» **PROBLEM DETAILS**: Pictures in the data below are not part of the copy; transcribe everything else exactly.

» **DATA EXTRACT**:
..............................

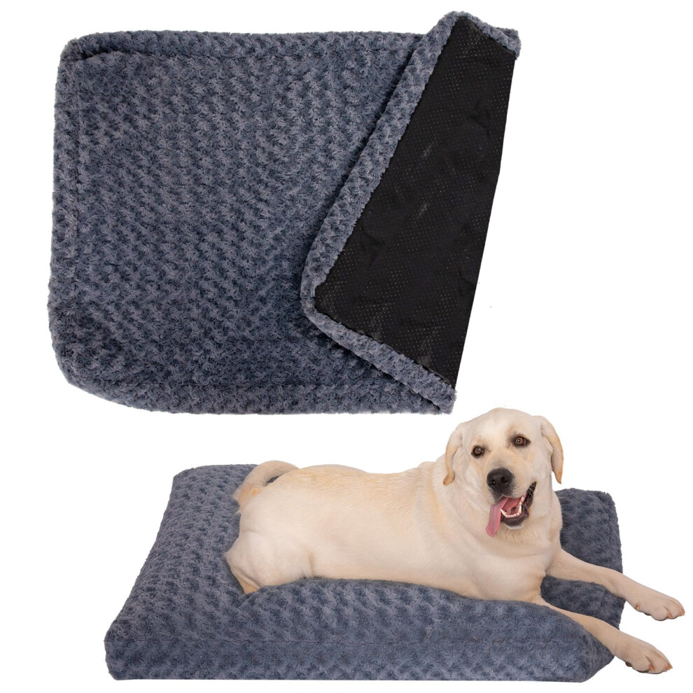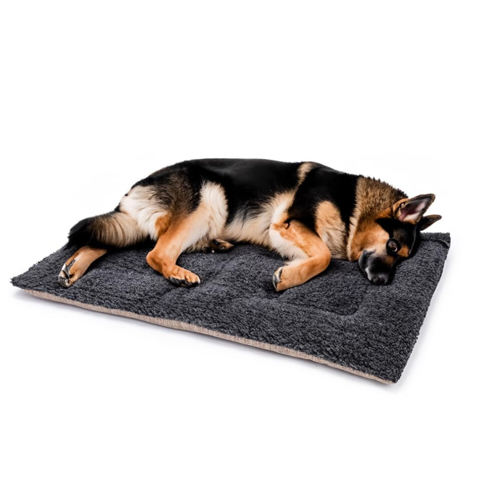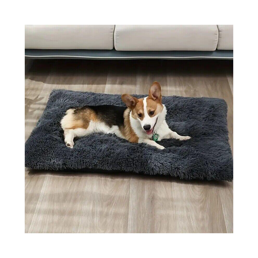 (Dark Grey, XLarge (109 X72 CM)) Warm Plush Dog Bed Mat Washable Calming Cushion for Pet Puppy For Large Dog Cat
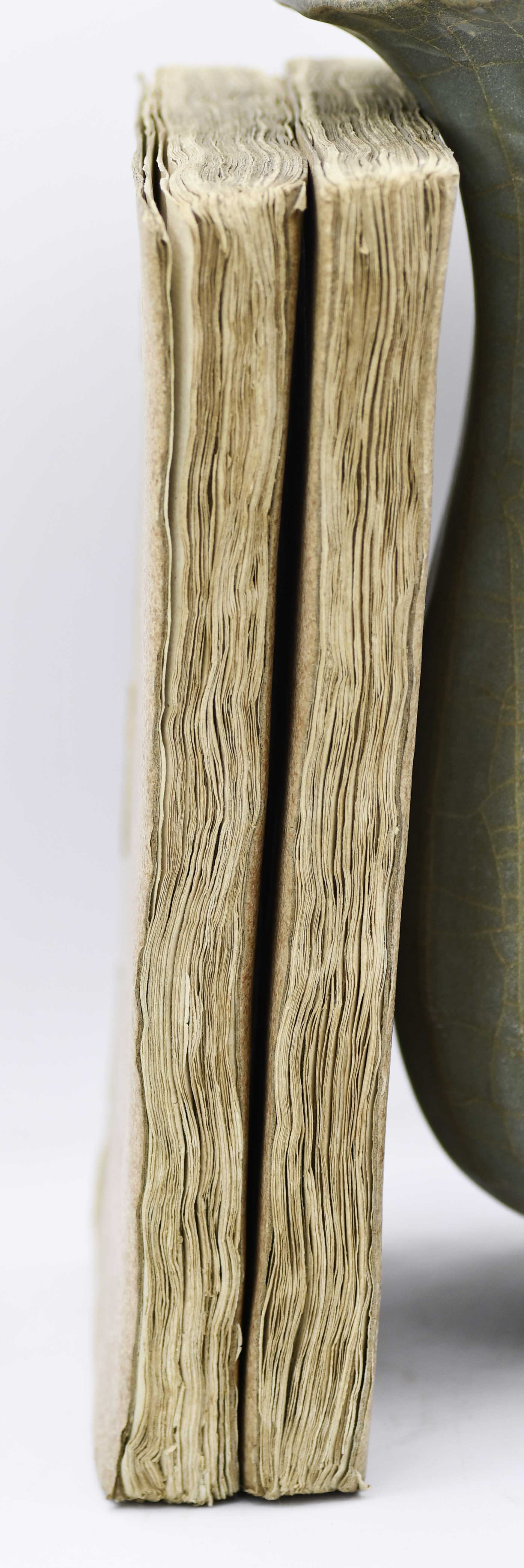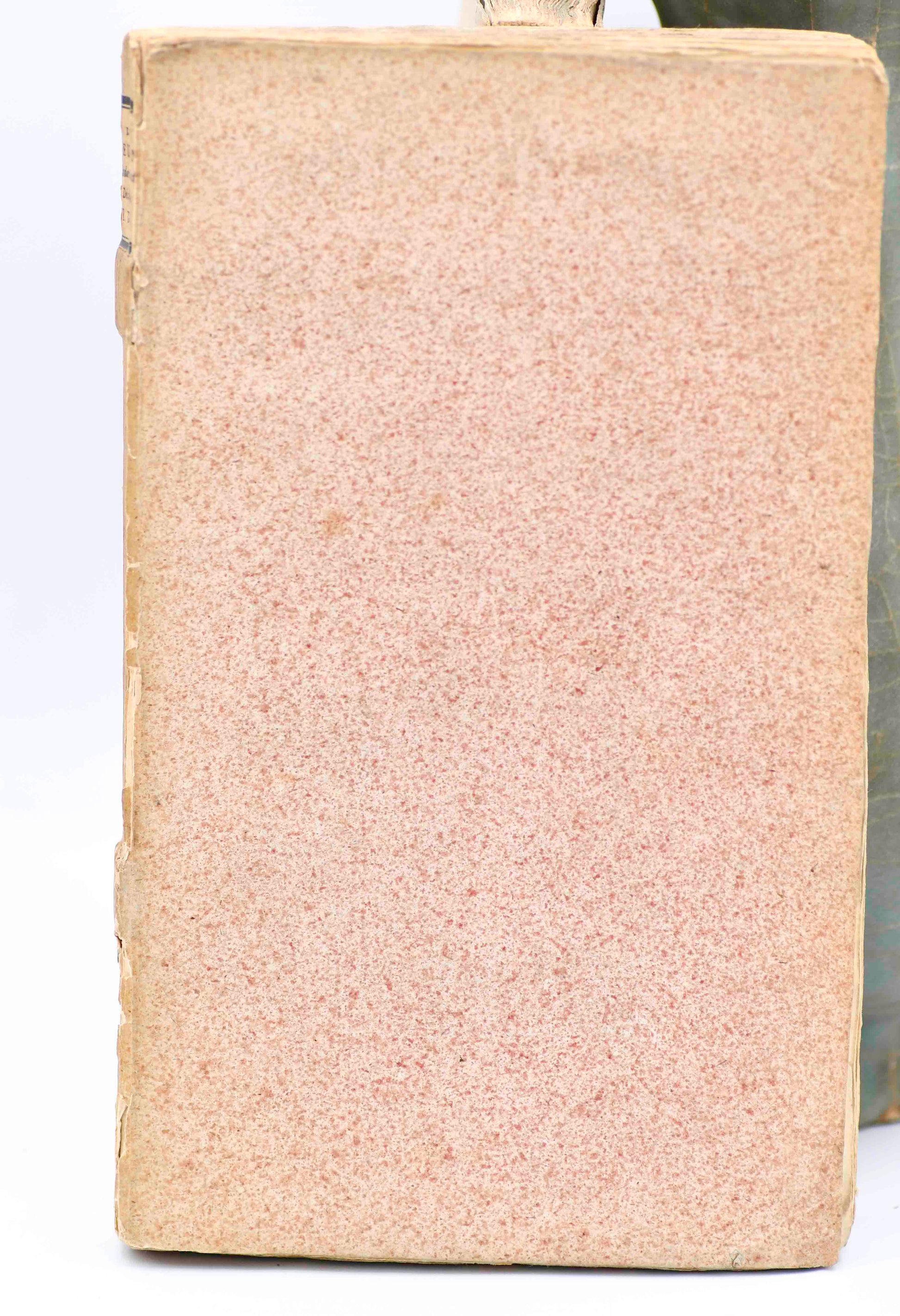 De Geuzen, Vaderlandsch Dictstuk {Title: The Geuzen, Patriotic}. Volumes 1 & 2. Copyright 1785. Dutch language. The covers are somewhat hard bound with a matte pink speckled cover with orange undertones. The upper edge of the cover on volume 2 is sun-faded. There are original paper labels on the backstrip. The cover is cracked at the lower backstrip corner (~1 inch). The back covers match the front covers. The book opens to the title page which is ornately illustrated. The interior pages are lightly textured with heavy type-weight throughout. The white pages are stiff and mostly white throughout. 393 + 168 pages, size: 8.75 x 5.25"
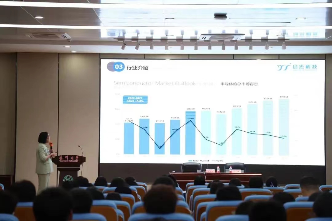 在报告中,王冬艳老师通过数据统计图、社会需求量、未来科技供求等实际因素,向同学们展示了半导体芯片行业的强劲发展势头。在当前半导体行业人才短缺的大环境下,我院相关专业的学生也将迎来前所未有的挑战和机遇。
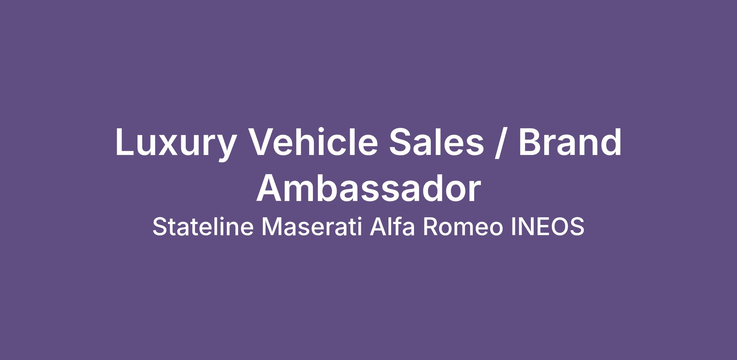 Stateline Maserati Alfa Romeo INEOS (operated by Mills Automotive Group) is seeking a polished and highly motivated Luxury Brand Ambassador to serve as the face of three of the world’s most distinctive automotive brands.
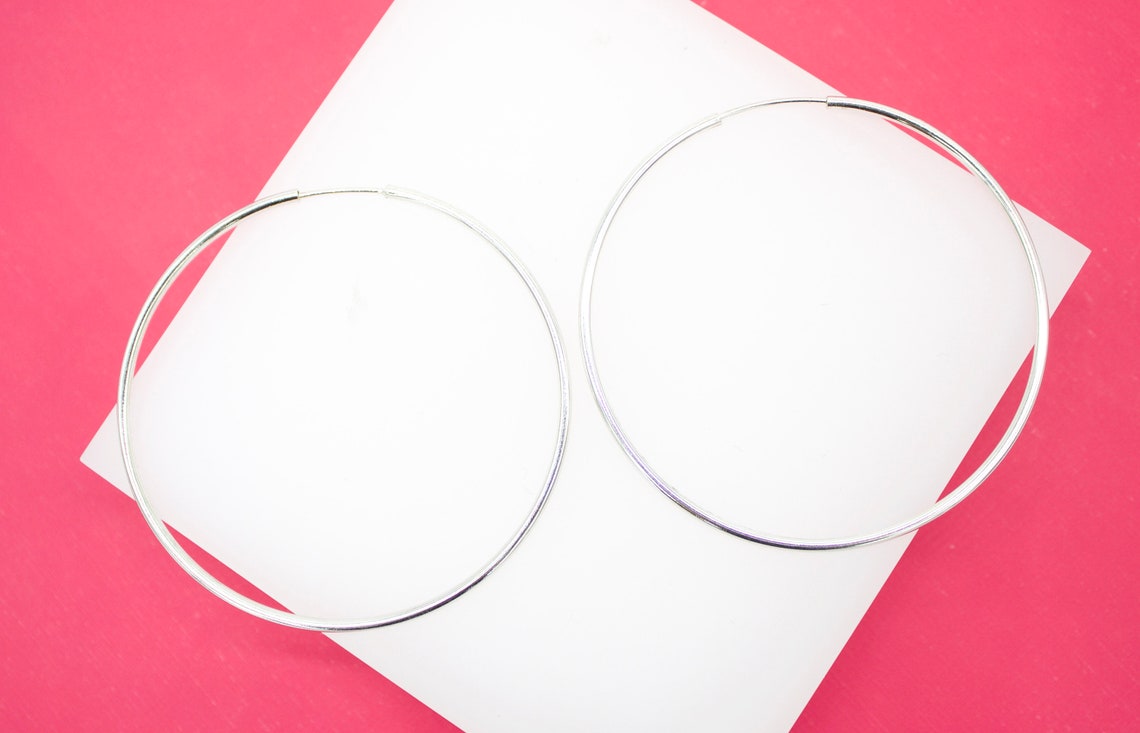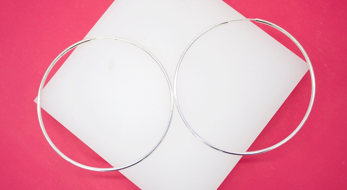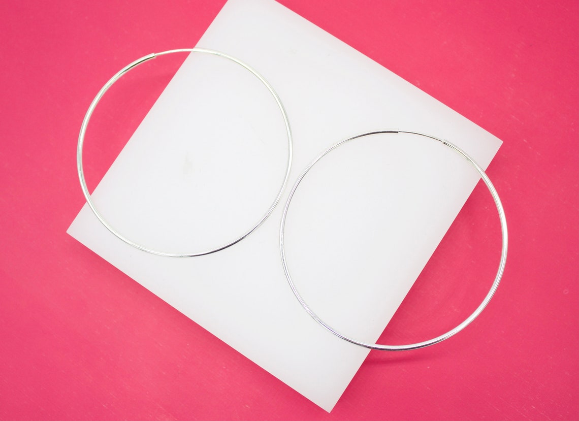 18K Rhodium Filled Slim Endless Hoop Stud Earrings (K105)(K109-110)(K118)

..............................

» **OUTPUT BELOW**:
 (Dark Grey, XLarge (109 X72 CM)) Warm Plush Dog Bed Mat Washable Calming Cushion for Pet Puppy For Large Dog Cat
 De Geuzen, Vaderlandsch Dictstuk {Title: The Geuzen, Patriotic}. Volumes 1 & 2. Copyright 1785. Dutch language. The covers are somewhat hard bound with a matte pink speckled cover with orange undertones. The upper edge of the cover on volume 2 is sun-faded. There are original paper labels on the backstrip. The cover is cracked at the lower backstrip corner (~1 inch). The back covers match the front covers. The book opens to the title page which is ornately illustrated. The interior pages are lightly textured with heavy type-weight throughout. The white pages are stiff and mostly white throughout. 393 + 168 pages, size: 8.75 x 5.25"
 在报告中,王冬艳老师通过数据统计图、社会需求量、未来科技供求等实际因素,向同学们展示了半导体芯片行业的强劲发展势头。在当前半导体行业人才短缺的大环境下,我院相关专业的学生也将迎来前所未有的挑战和机遇。
 Stateline Maserati Alfa Romeo INEOS (operated by Mills Automotive Group) is seeking a polished and highly motivated Luxury Brand Ambassador to serve as the face of three of the world’s most distinctive automotive brands.
 18K Rhodium Filled Slim Endless Hoop Stud Earrings (K105)(K109-110)(K118)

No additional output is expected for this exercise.